Wednesday, May 29, 2013

I Pulled a Tick Off Of My Daughter This Morning; How Was Your Day

"Are you almost ready for me to brush your hair, sweetie?"

"Yes," the Girl calls from the other side of the open closet door.  She was sitting on the floor, strapping her shoes to her feet. All I could see from my vantage point were Hello Kitty sparkles winking in the morning light.

She stood, shut the door, and skipped past me toward the bathroom.  Currently, she sports a squiggly crop of hair that defies taming.  Think young Merida, except blonde.

"What do you want today?  Ponytail? Floppy ponytails? Braided bun?" I asked, pulling the brush, detangler spray, and myriad elastics from the Drawer for Such Things.

"Pigtails!" she yelled.

Pigtails it would be.

I liberally sprayed her hair with the detangler, caught up a hank of it, and dragged the brush through it.  She screwed up her face in truly gymnastic ways, entertaining herself as I worked my way through her hair.  Because of the ariadnic (yes, I made that up) way that my daughter's hair knots itself together, I can't get the tangles out in one stroke.  Nope, I have to work at the tangles, layer by layer.  It isn't arduous -- the whole thing takes about five minutes.  But, it is a process.

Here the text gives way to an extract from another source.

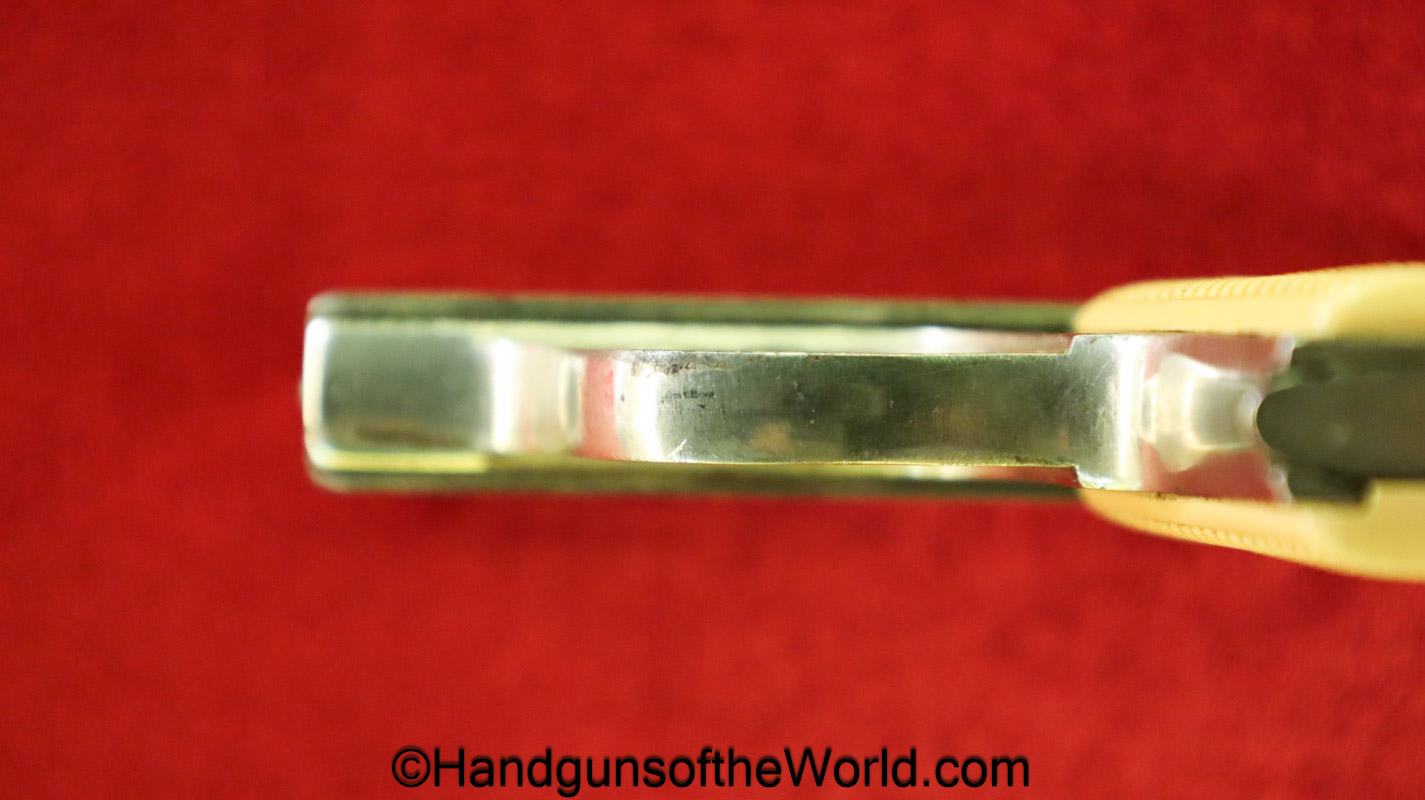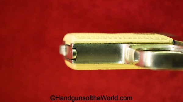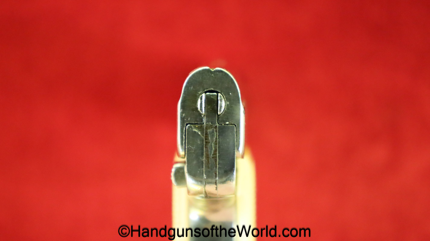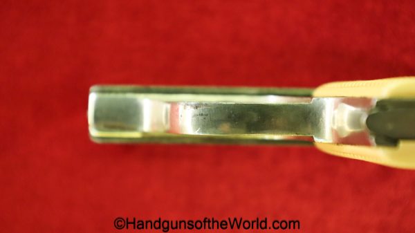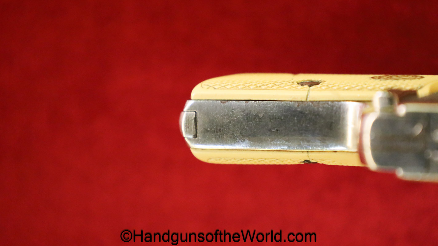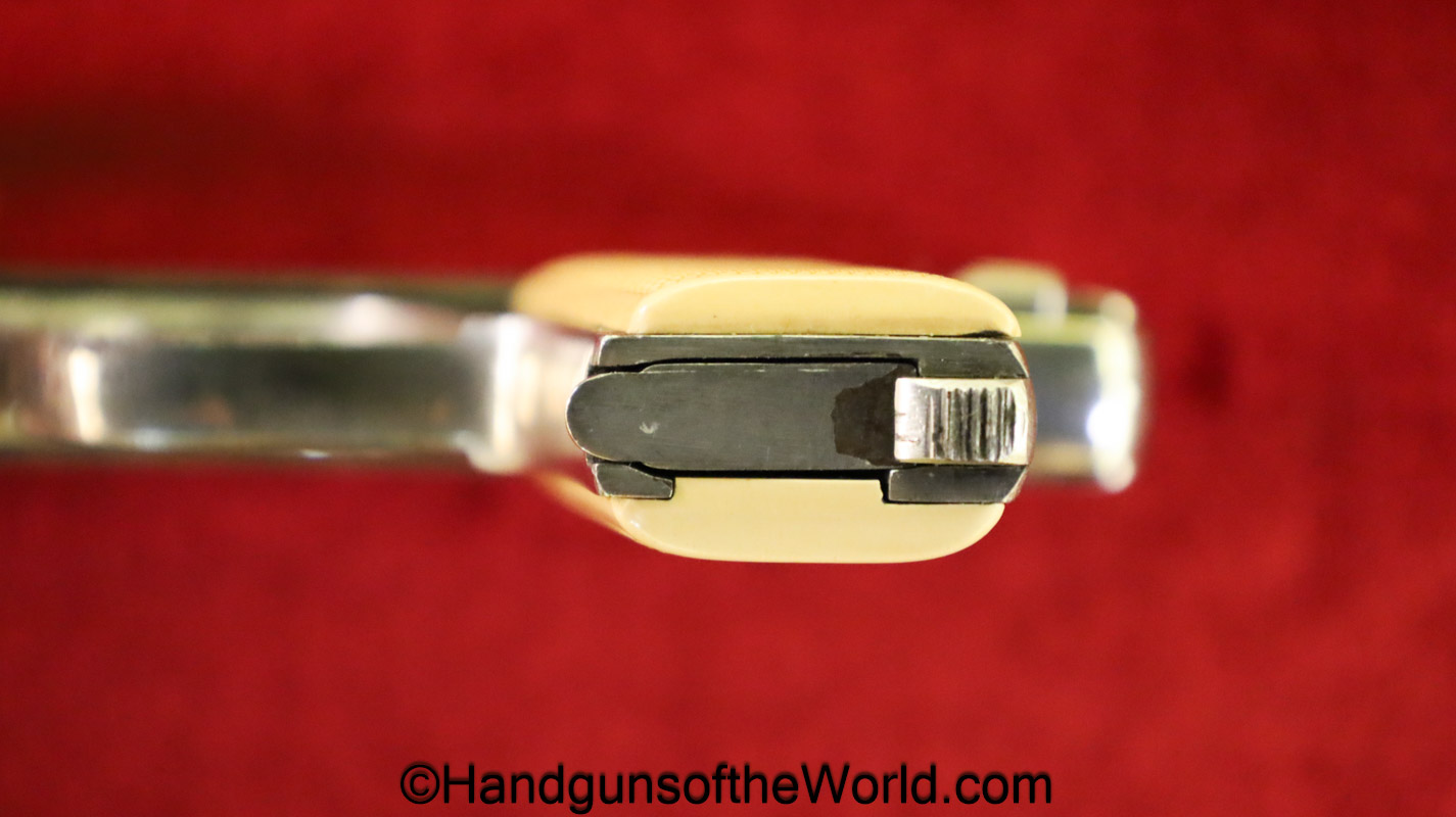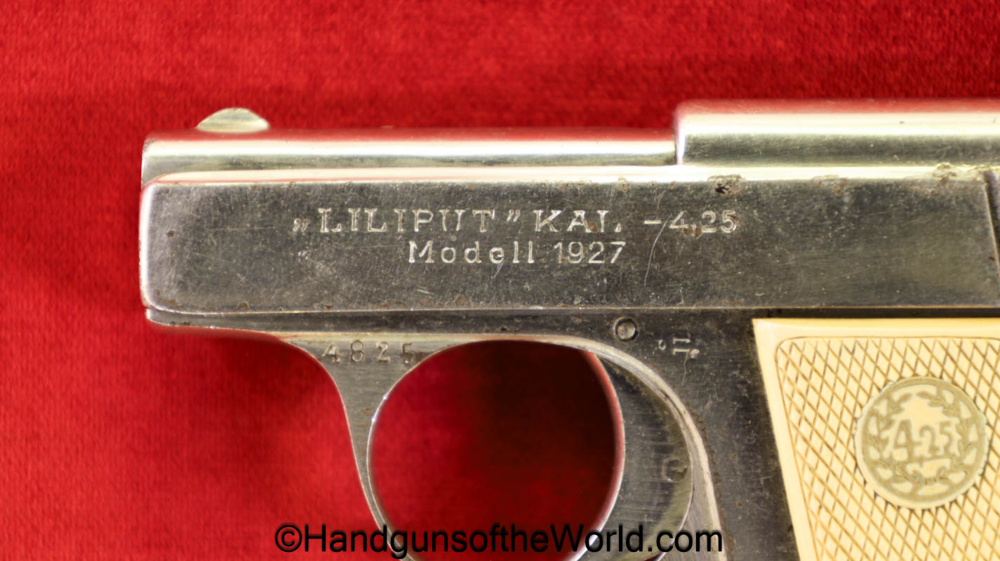 Menz Liliput Model 1927, 4.25mm. This has off-white Ivory Look grips with the brass medallions-Left panel shows a crack. The factory nickel rates about 92% and the bore is VG+. This has its matching number magazine.

Anyway, I brushed the hair back from her temples to the fistful that would become the pigtail.  And that's when I noticed the dark spot over her ear. A tick.  And not the cool kind, either.  It was small, and a little engorged, so it had been there for a little while.

This is one of those moments where you know if you freak out or make a big deal out of something, it's going to make the whole removal process much, much more dramatic than it needs to be.  So, I finished with the pigtails.  As soon as the elastic was wrapped around that second pigtail, I said, "Sweetie?  I just noticed something  next to your ear, and it's a tick. I have to remove it, and it'll only take a second, but I've done this before for you* and I'm very good at it."

"Oh." The Girl wrinkled her brow and frowned.  "Is it going to hurt?"

"Maybe a little," I answered. "But it will mostly be a weird tugging.  It'll be okay. Just hang on."

I went to the kitchen and grabbed a paper towel, some olive oil, and a sealable plastic bag. I went back to the bathroom, and my daughter looked even more concerned than she had before. She's only six, so I was kind of surprised that the wailing and the gnashing hadn't started.

"Ready?" I asked.  Before she had a chance to answer, I doused a small portion of the paper towel in oil, pinched it around the tick, and pulled.  It came right out, no problem. I dropped it into the bag, sealed it up, and took a look at it's creepy crawly self.  Which, why was  doing that?  I don't have a database of tick pictures in my head.  I can't tell a deer tick from a deer.

I resolved to compare it to pictures online later.  Lyme Disease, which is spread by the deer tick, is no joke. One of my brothers suffers from it, and his joints are perma-achy.

But, she was a trooper, wanting mostly to inspect the bug and then discuss the traits it shares with vampires.  There were no tears, and only a little flinching when I put the smear of antibiotic ointment on the bite mark.

Sniff.  My little girl is growing up so fast.